The big data life cycle consists of four stages, namely: Data Acquisition, Data Awareness, Data Analytics and Data Governance.


- Data Acquisition

Data acquisition has been understood as the process of gathering, filtering, and cleaning data before the data is put in a data warehouse or any other storage solution. The acquisition of big data is most commonly governed by four of the Vs: volume, velocity, variety, and value. Most data acquisition scenarios assume high-volume, high-velocity, high-variety, but low-value data, making it important to have adaptable and time-efficient gathering, filtering, and cleaning algorithms that ensure that only the high-value fragments of the data are actually processed by the data-warehouse analysis. 


- Data Awareness

Data Awareness is the task of creating a scheme of relationships within a set of data, to allow different users of the data to determine a fluid yet valid context and utilise it for their desired tasks. It is a relatively new field, in which most of the work is currently being done on semantic structures to allow data to gain context in an interoperable format, in contrast to the current system where data is given context using unique, model specific constructs. (such as XML Schemes, etc.) 
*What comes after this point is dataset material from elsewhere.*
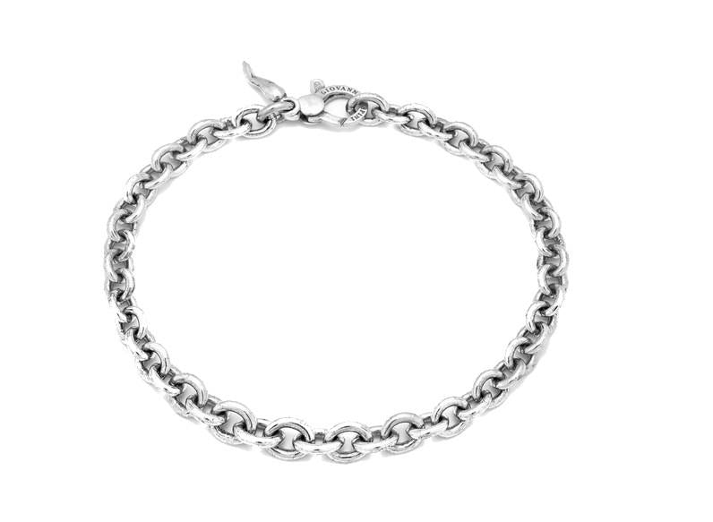 Bracciale Raspini a catena maglia ovale, realizzata in argento 925 con finitura lucida. La lunghezza è 19 Cm. Chiusura con moschettone.

Prior to the Big Data revolution, organizations were inward-looking in terms of data. During this time, data-centric environments like data warehouses dealt only with data created within the enterprise. But with the advent of data science and predictive analytics, many organizations have come to the realization that enterprise data must be fused with external data to enable and scale a digital business transformation. 

This means that processes for identifying, sourcing, understanding, assessing and ingesting such data must be developed.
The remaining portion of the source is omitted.